In the early days of the Bush administration, Gonzales signaled a major change in the way the White House would be picking federal judges when he told the American Bar Association that, for the first time in 50 years, the group wouldn't be allowed to vet potential candidates privately before they are nominated.

 

``It would be particularly inappropriate'' to continue allowing the ABA have its voice ``heard before and above all others,'' because it ``takes public positions on divisive political, legal, and social issues that come before the courts,'' Gonzales said in a March 22, 2001 letter to then ABA President Martha Barnett.

 

The ABA, long a target of criticism from groups that say it favors activist judges, said it had vetted potential judicial candidates since Dwight Eisenhower's administration and was neither partisan nor ideological.

 

Gonzales represented the White House in negotiations with the bipartisan National Commission on Terrorist Attacks over access to administration officials and classified administration documents.
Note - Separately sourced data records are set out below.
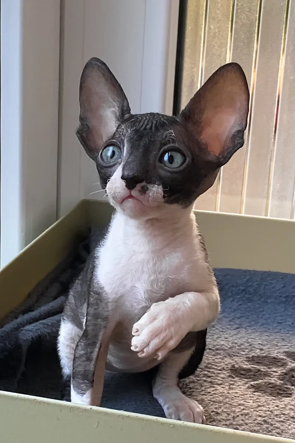 Hi there… my name is Ulita, and I’ve been waiting just for you. I’m a breathtaking female Cornish rex cats for sale, and at just 8 weeks old, I’m already a heart-stealer with my elegant black bicolor coat and bright yellow eyes that seem to glow when I’m happy which is pretty much all the time. My soft, wavy coat is a dream to touch, and the best part? It doesn’t shed. That means no fur on your clothes or furniture just clean cuddles and hypoallergenic love. I come from rare bloodlines, carefully bred for health, beauty, and personality, and I’ll grow into a graceful feline companion weighing approximately 5-9 lbs.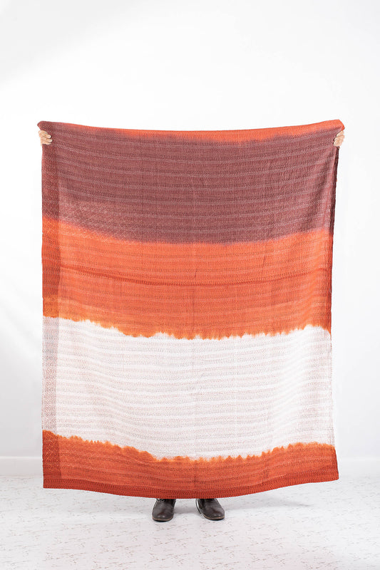 Vintage Fray Patch & Ombre Kantha Throw -Chocolate -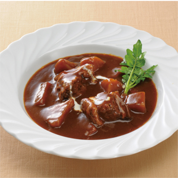 素材 | ハーブ煮込牛肉(牛肉、香辛料)(国内製造)、野菜(じゃがいも、にんじん)、赤ワイン、ビーフブロス、トマトペースト、小麦粉、ローストオニオンペースト、砂糖、ビーフエキス調味料、牛脂、ソテードオニオン、たん白加水分解物、チキンエキス、食塩、バター、香味油、香辛料/調味料(アミノ酸等)、増粘剤(加工デンプン)、カラメル色素、香料、(一部に小麦・卵・乳成分・牛肉・大豆・鶏肉・豚肉を含む) |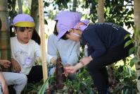 小津こども園の5歳児60人が、地域の蓮生寺に出かけました。グループの友達と一緒に竹林を散策しながら、グループの名前が書かれた名札をタケノコのそばに立てて、「大きく育ったらまた見に来るね」と約束していました。園児たちを見守る蓮生寺の三品さんは、「タケノコも子どもたちも大きく成長してくれたら」と話していました。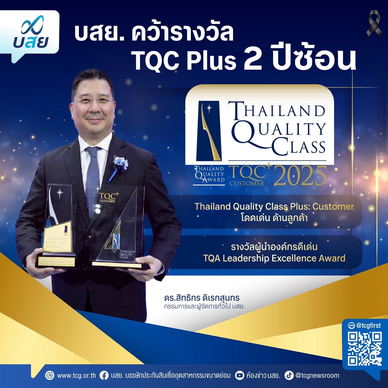 ดร.สิทธิกร ดิเรกสุนทร กรรมการและผู้จัดการทั่วไป บรรษัทประกันสินเชื่ออุตสาหกรรมขนาดย่อม (บสย.) รับ 2 รางวัลคุณภาพแห่งชาติ (Thailand Quality Award : TQA) ครั้งที่ 24 ประจำปี 2568 ประกอบด้วย รางวัลการบริหารสู่ความเป็นเลิศที่มีความโดดเด่น ด้านลูกค้า (Thailand Quality Class Plus : Customer) และ รางวัลผู้นำองค์กรดีเด่น TQA Leadership Excellence Award จัดโดยสำนักงานรางวัลคุณภาพแห่งชาติ สถาบันเพิ่มผลผลิตแห่งชาติ โดยมี นายณัฐพล รังสิตพล ปลัดกระทรวงอุตสาหกรรม เป็นประธานการมอบรางวัล ณ ห้องมัฆวานรังสรรค์บอลรูม สโมสรทหารบก ถนนวิภาวดีรังสิต เมื่อวันที่ 26 กุมภาพันธ์ 2569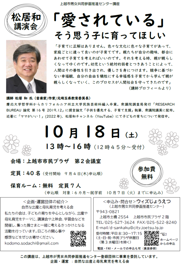 松居和講演会「愛されている」そう思う子にそだってほしい 10/18【更新日9/6】
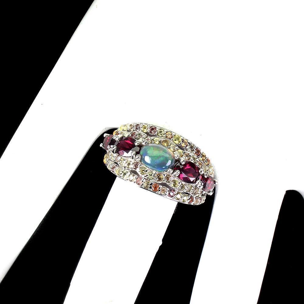 Oval Black Opal 7x5mm Rhodolite Garnet Sapphire 925 Sterling Silver Ring Size 9
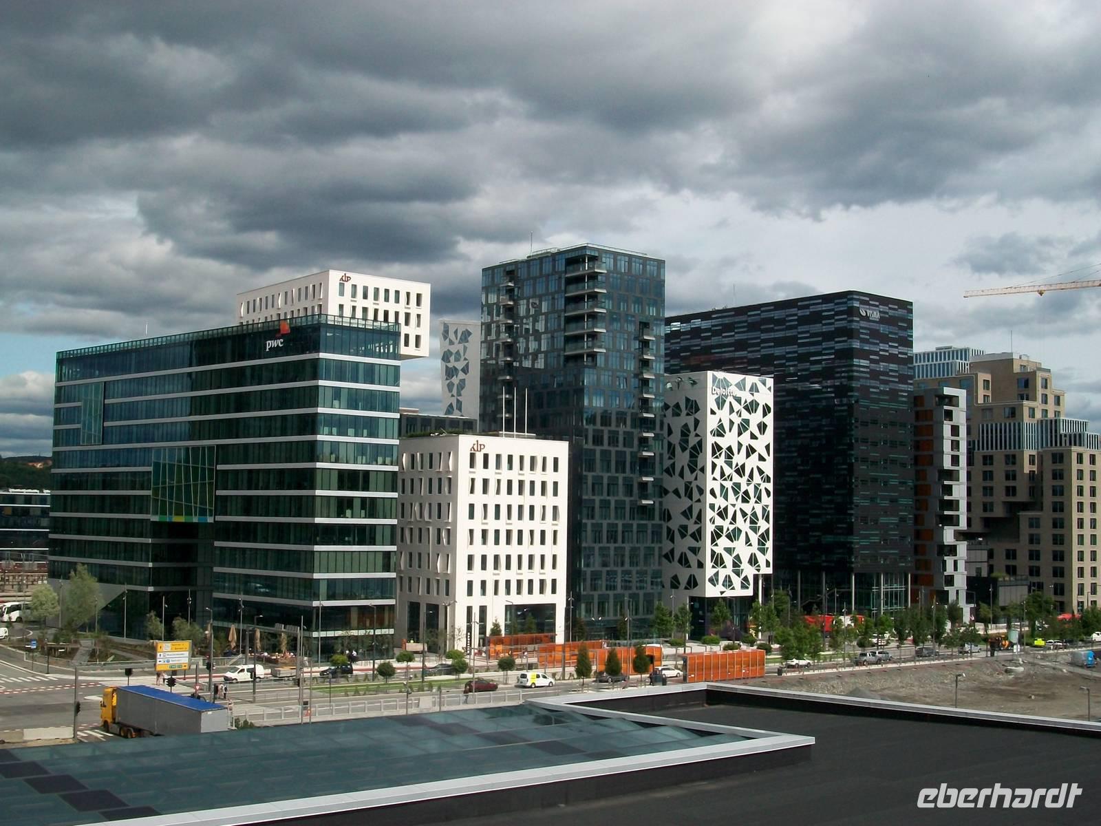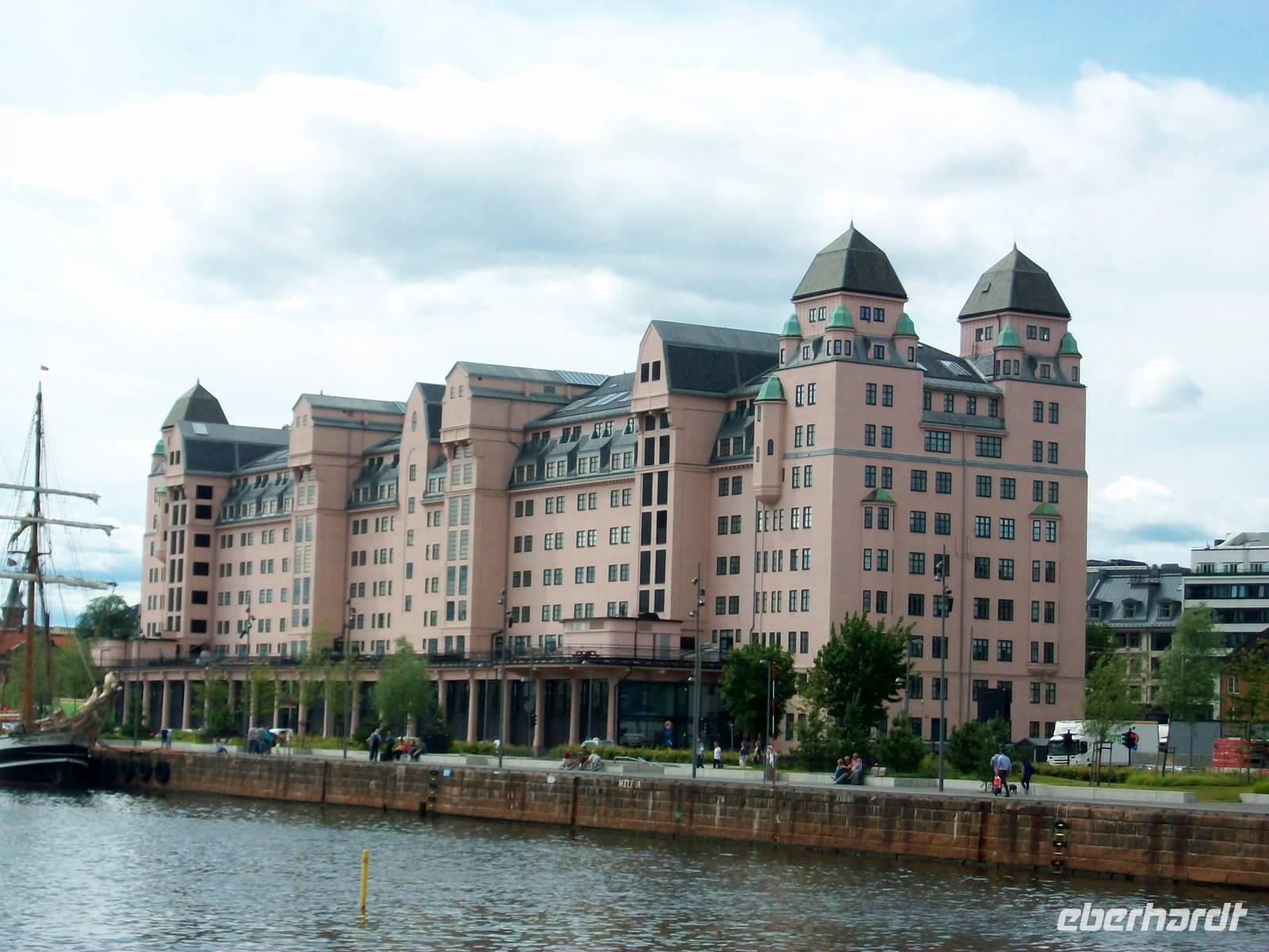 Dann noch eine Stunde und wir haben die Norwegische Hauptstadt Oslo erreicht, auch hier werden wir mit Sonnenschein empfangen. An der berühmten Festung Akershus wartet schon Stefanie unsere Stadtführerin, mit ihr gehen wir nun auf Entdeckungen in dieser einmaligen Stadt. Zunächst schauen wir am Opernhaus, einem sehr futuristischen Gebäude vorbei. Dann geht es in den westlichen Stadtteil mit den vielen schöne Häusern und gepflegten Fassaden.

The White House struck compromises with the 10-member commission, which was led by former New Jersey Governor Thomas Kean, a Republican.

 

Joint Interview

 

The commission agreed to interview Bush and Cheney together, and without a tape recorder. Bush's national security adviser, Condoleezza Rice, appeared before the commission in an open hearing after the panel agreed not to seek public testimony from any other White House official. Gonzales said such appearances could undermine the constitutional separation of powers between the executive and legislative branches.

 

Also, the commission agreed that only a few of its members would examine classified intelligence documents, and that their notes would be subject to a White House review.

 

Gonzales, born in San Antonio, is a graduate of Rice University and Harvard Law School. He served in the U.S. Air Force from 1973-75, and attended the Air Force Academy between 1975-77, according to a White House biography.